奇祭・今宮神社のやすらい祭2015 [京都府]
2015/04/14
京都の今宮神社の奇祭「やすらい祭2015」に参加してきたので、その様子をレポートしたいと思います。
今宮神社とは?
今宮神社とは、京都市北区紫野に鎮座しており、京都市の北区・上京区において巨大な氏子区域を持ち、祭礼の規模が比較的大きことで知られている神社です。
祭神に大己貴命(オオナムチ)、事代主命(コトシロヌシ)、奇稲田姫命(クシナダヒメ)を祀っており、健康長寿・良縁開運の御神徳があるとされています。
なお、平安遷都以前より、この地には疫神スサノオを祀る社があったとされており、平安遷都後、しばしば疫病や災厄が起こったため、神泉苑、上御霊神社、下御霊神社、八坂神社などで疫病を鎮めるための儀礼である御霊会(ごりょうえ)が営まれました。
しかし、994年にも都で大規模な疫病がはびこったため、朝廷は神輿2基を造って船岡山に安置し、音楽奉納などを行なった後、疫災を人形に依り移らせて難波江に流したと云われています。
これが、後述する「やすらい祭」の起源とされているようです。
その後、1001年にも疫病が流行したことから、朝廷は疫神を船岡山から移し、疫神を祀った社に神殿・玉垣・神輿を造らせて今宮社と名付けたとされ、これが現在の今宮神社の起源であるといわれています。

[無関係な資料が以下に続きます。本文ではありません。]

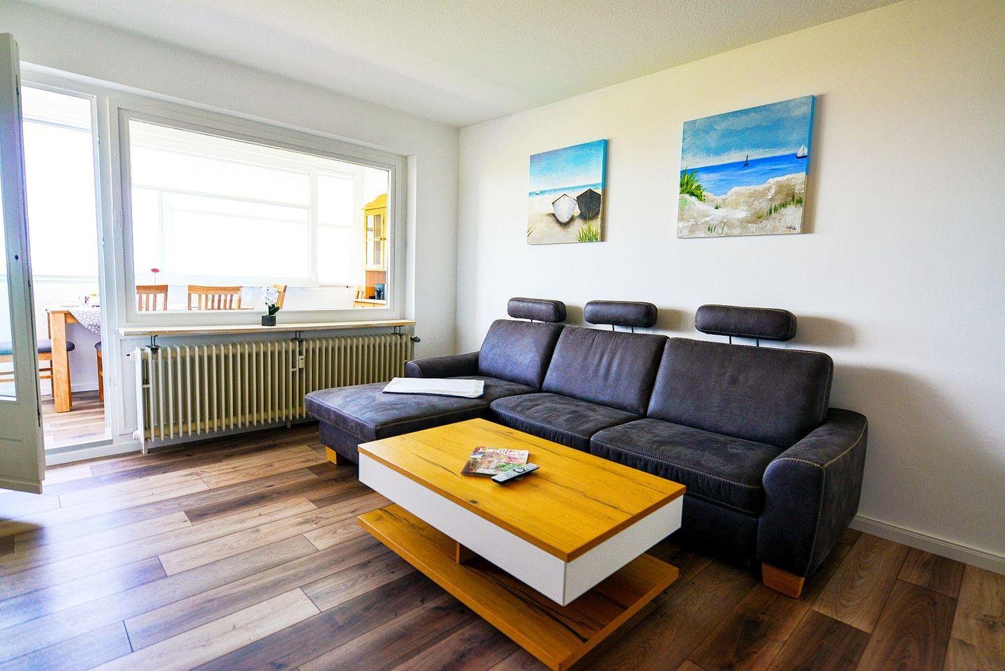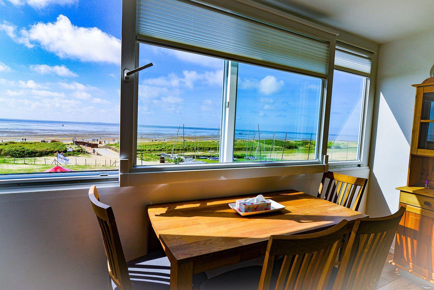 Der verglaste Balkon, der sich komplett öffnen lässt, sorgt dafür, dass Sie stets von bester Meeresluft umgeben sind und bietet Ihnen einen erstklassigen Panoramablick aufs Meer und die Insel Neuwerk.

詳しくはこちらの記事を参照 :【今宮神社(玉の輿神社)】
やすらい祭とは?
やすらい祭とは、毎年4月の第2日曜日に今宮神社で行われる大祭であり、鞍馬寺の鞍馬の火祭、広隆寺の太秦の牛祭とともに京都の三大奇祭の一つに数えられている奇祭として知られています。
その起源は、上記の通り御霊会(ごりょうえ)に端を発する農村部の祭礼であり、以下の様な言い伝えが残されています。
やすらい祭の言い伝え
- 祭の日が晴れれば、その年の京都の祭事はすべて晴れ、雨ならばすべて雨が降る
- 桜や椿などで飾られた花傘に入ると、一年間健やかに過ごせる
- 初めてこの祭りを迎える赤ん坊は、花傘に入ると、一生健やかに過ごせる
祭りの内容としては、桜や椿などで飾られた花傘を中心に、赤毛・黒毛の鬼たちをはじめとする行列が囃子に合わせて踊りながら、氏子区域を隈なく練り歩き、疫病を納めます。
花傘(入ると一年健やかに過ごせるとされる) |
また、祭り流れとしては、光念寺を出発し、氏子地域を練り歩いた後、今宮神社で無病息災を祈願し、また光念寺へ戻るという流れになっているようです。
なお、やすらい祭は、「夜須礼(やすらい)」、「鎮花祭」、「やすらい花」とも呼ばれ、「やすらい花」として国の重要無形民俗文化財に指定されている祭りなんだそうです。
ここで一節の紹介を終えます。